MANVERS TWP – Ward 16 Councillor Heather Stauble was literally doing a happy dance at the Fenelon Falls Community Centre after learning opponents of an industrial wind turbine project near Pontypool scored a huge victory on Thursday (Nov. 19).
Coun. Stauble was at a special council meeting when she got the news that the Environmental Review Tribunal (ERT) had announced its decision on the appeal of the Settlers Landing Nominee Ltd. wind project.
Announcing the decision to council, she was visibly overjoyed as councillors hugged and congratulated her.
“This a huge, huge step forward for the community,” she told This Week.
She noted this is only the second ERT decision in Ontario that has overturned a wind energy company approval in favour of a community.
The Director, Ministry of the Environment and Climate Change issued a Renewable Energy Approval (REA) to Settlers Landing Nominee Ltd., granting approval for the construction, installation, operation, use and retiring of a Class 4 wind facility with a total name plate capacity of 10 megawatts in Pontypool.
Settlers Landing wind park would have put five industrial wind turbines near the village.
SLWP Opposition Corp. appealed the REA to the Tribunal in May on the grounds that the project will cause serious harm to human health and serious and irreversible harm to plant life, animal life or the natural environment.
The Tribunal held the hearing in Pontypool on in September and October.
The Tribunal found “that the planned Settlers Landing wind project in Pontypool will cause serious and irreversible harm to plant life, animal life or the natural environment.” Specifically, the Tribunal, in its decision found that construction and decommissioning of turbines 3 and 5, and the access roads to turbines 2, 3 and 5, will cause such harm to a significant woodland identified as Woodland 11, including the habitat it represents.
Coun. Stauble said having two out of five of the turbines ruled as harmful to the woodlands could affect the company’s FIT contract (whereby they acquire points for renewable energy contracts with the Province.)

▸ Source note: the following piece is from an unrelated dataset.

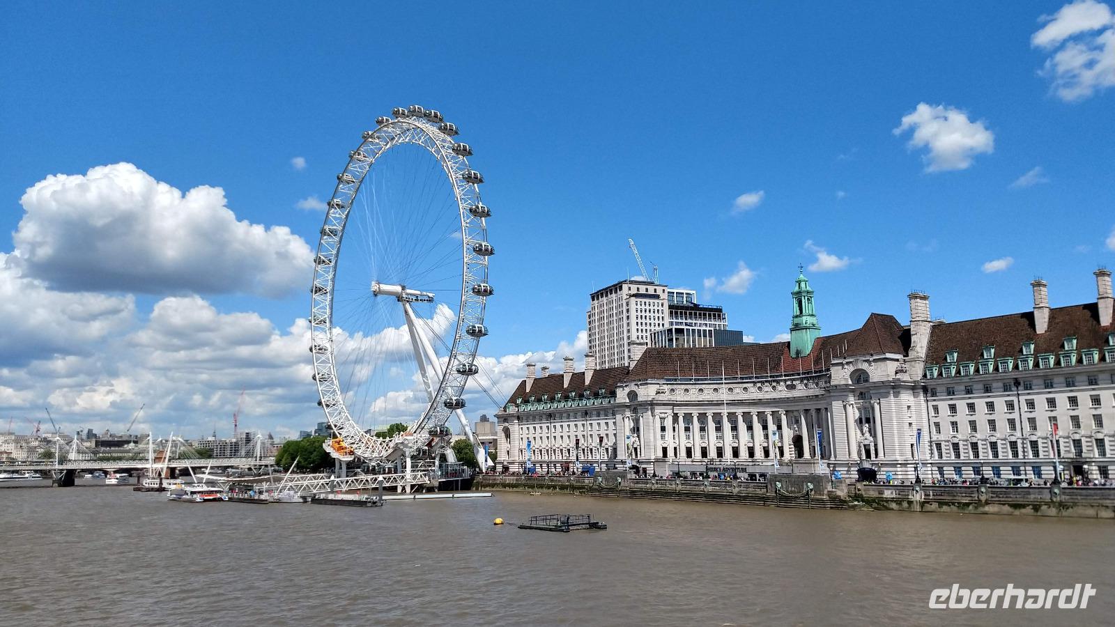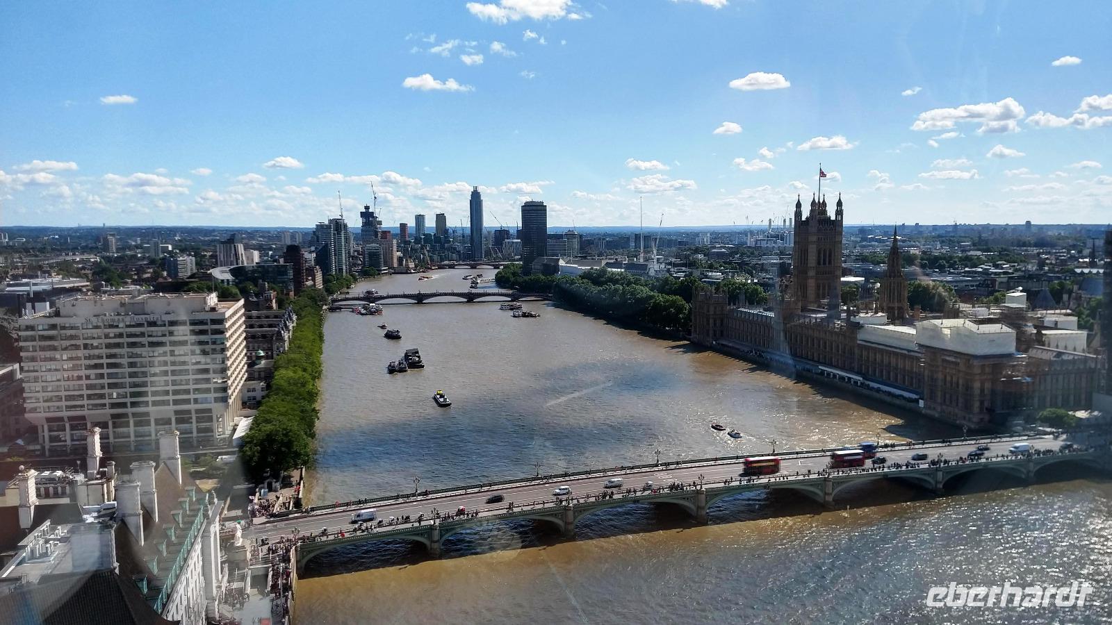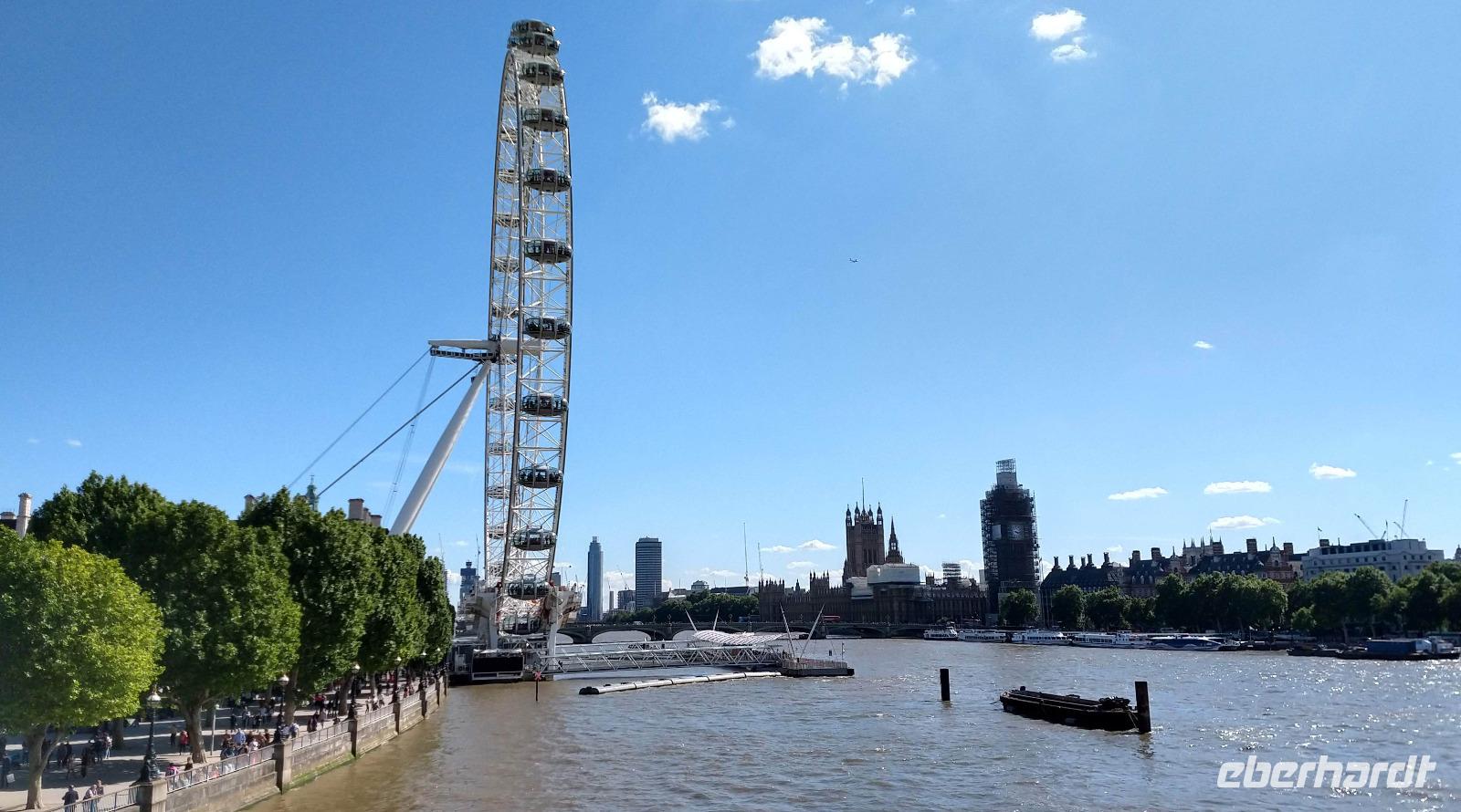 Nach angenehmen und reibungslosen Flügen, erreichen wir alle am Mittag unser direkt neben der Tower Bridge liegendes Hotel. Die Begrüßung ist herzlich und nach einer kleinen Stärkung brechen wir mit unserem kleinen Reisebus auf, die britische Hauptstadt zu erobern. Durch den dichten Verkehr in der City of London fahren wir über die Lower Thamse Street und die London Bridge nach Southwalk und Waterloo, denn unser erstes Besuchsziel ist das London Eye. Wir steigen neben dem berühmten Riesenrad aus und unternehmen gemeinsam einen Spaziergang am Themseufer entlang und über die Westminster Bridge zum Westminster Square.

Opponents of the wind turbines did not, the Tribunal found, satisfy legal tests with respect to other issues they raised in the appeal, namely serious and irreversible harm to water resources or to grassland bird habitat and serious harm to human health.
Several other wind energy projects from different companies have been approved in Manvers Township, and opponents to the industrial turbines have not let up in their battle to keep them out, especially since several turbines are proposed to be built on the provincially-protected Oak Ridges Moraine. The City has backed their fight, as council has not supported industrial wind turbines in the municipality. While the opponents have raised money for their legal costs, the City has given some financial support and also provided senior staff to testify at the hearings.
In its decision, the Tribunal noted it will provide “a separate opportunity for the parties and participants to address the appropriate remedy and the Tribunal’s remedial jurisdiction in this case.”
Coun. Stauble said the wind company will be given the chance to offer remediation for the two turbines, “but, they must adhere to a 550 metre setback, and to do so means they would have to put those turbines in the woodlands.
“Which they are now not allowed to do.”